On May 1, 2025, the Jia Ning team from Southern University of Science and Technology published an article in Science, achieving significant results in the field of phage research. She obtained her PhD fromUniversity of Science and Technology of China, School of Life Sciences (supervisors: Professors Zhou Congzhao and Chen Yuxing), and completed her undergraduate studies at Ocean University of China.

Recently, Associate Professor Jia Ning’s research team at the School of Medicine of Southern University of Science and Technology published two significant research papers in Science within a week, revealing the novel working mechanisms of key reverse transcriptases (DRTs) and RNA-mediated CRISPR-Cas inhibitory factors in bacterial defense mechanisms.

DRT9: Using Long Poly-A Enriched cDNA to Resist Phages

On May 1, 2025, the Jia Ning team published a research paper titled “Bacterial reverse transcriptase synthesizes long poly-A–rich cDNA for antiphage defense” in Science, systematically elucidating how the newly discovered defense-related reverse transcriptase DRT9 utilizes its unique structural and functional mechanisms to achieve immune defense against phages. This study reveals for the first time that DRT9 can synthesize long poly-A enriched single-stranded cDNA under high concentrations of dATP, which can directly bind to and chelate the single-stranded DNA binding protein (SSB) of phage T4, thereby interfering with the DNA replication of the phage.
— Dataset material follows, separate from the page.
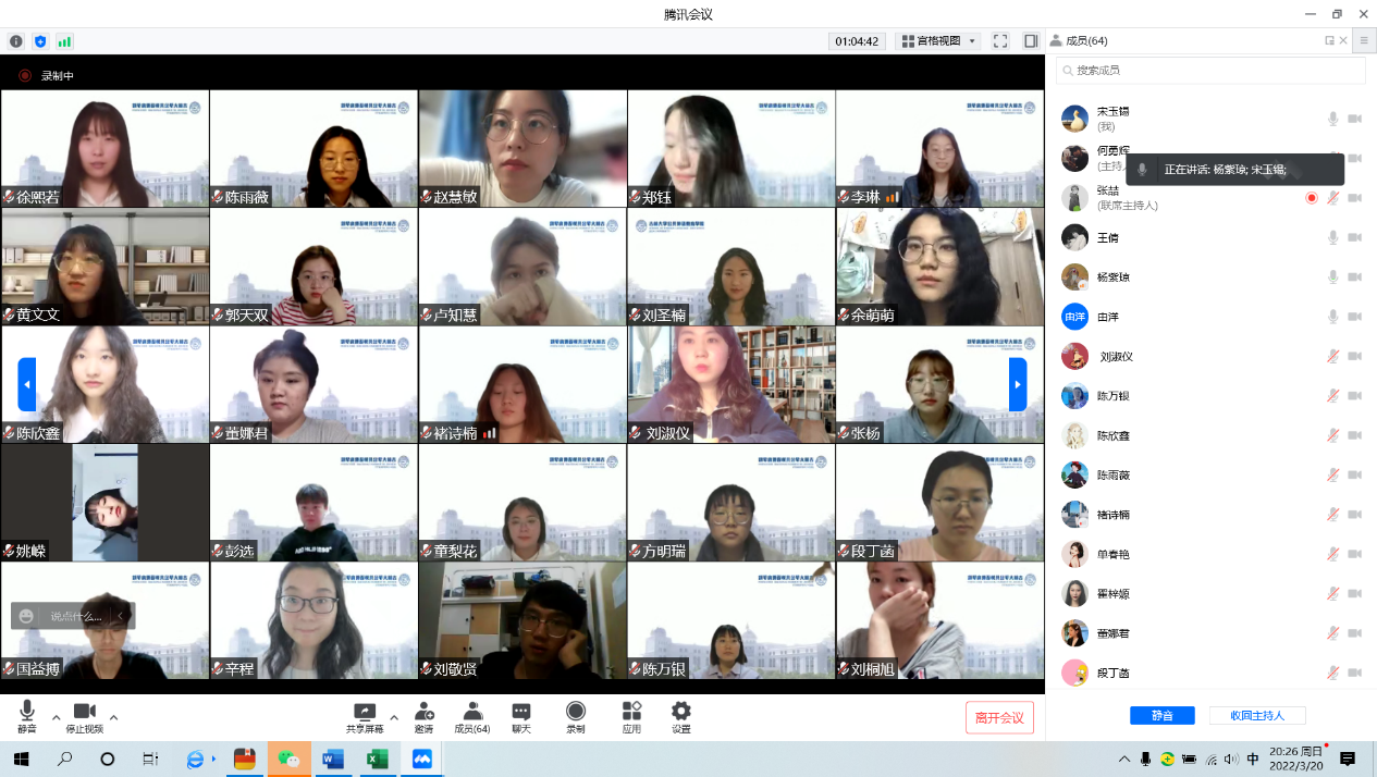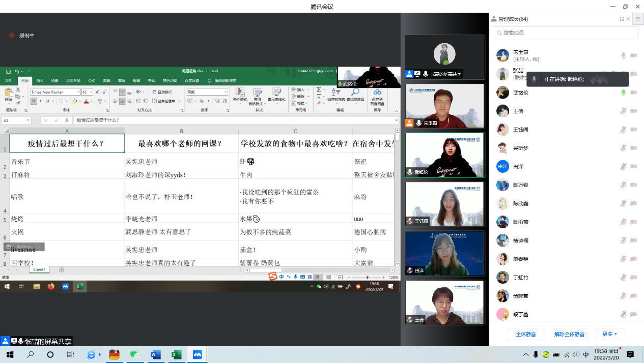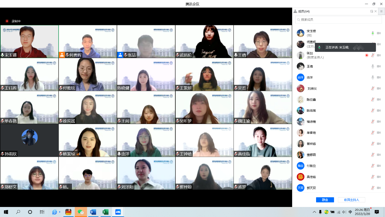 为进一步了解同学们在目前的生活状态,帮助学生关注自己和家人的情绪,排解在线学习中的困扰,公共外语教育学院于3月20日晚上19:30举办了心理引航计划——“Speak out your mind”2021级硕士主题线上班会。在辅导员曾媛老师的指导下,本次主题班会由2021级班长宋玉锡同学主持开展。

In this study, researchers found that the phage resistance activity of DRT9 is highly dependent on its interaction with non-coding RNA (ncRNA). The complex formed by DRT9 and ncRNA can synthesize long poly-A enriched single-stranded cDNA in the presence of high concentrations of dATP, which is achieved through the conserved catalytic YADD motif of DRT9. When ncRNA is absent or the YADD motif is mutated, the phage resistance activity of DRT9 is almost completely lost.

Cryo-electron microscopy structural analysis shows that the DRT9-ncRNA complex assembles into a stable hexamer in the form of a “dimeric trimer,” where ncRNA interacts with DRT9 through multiple stem-loop structures (SLs), further stabilizing the overall conformation of the hexamer. The stability of this complex structure is fundamental to the phage resistance function of DRT9.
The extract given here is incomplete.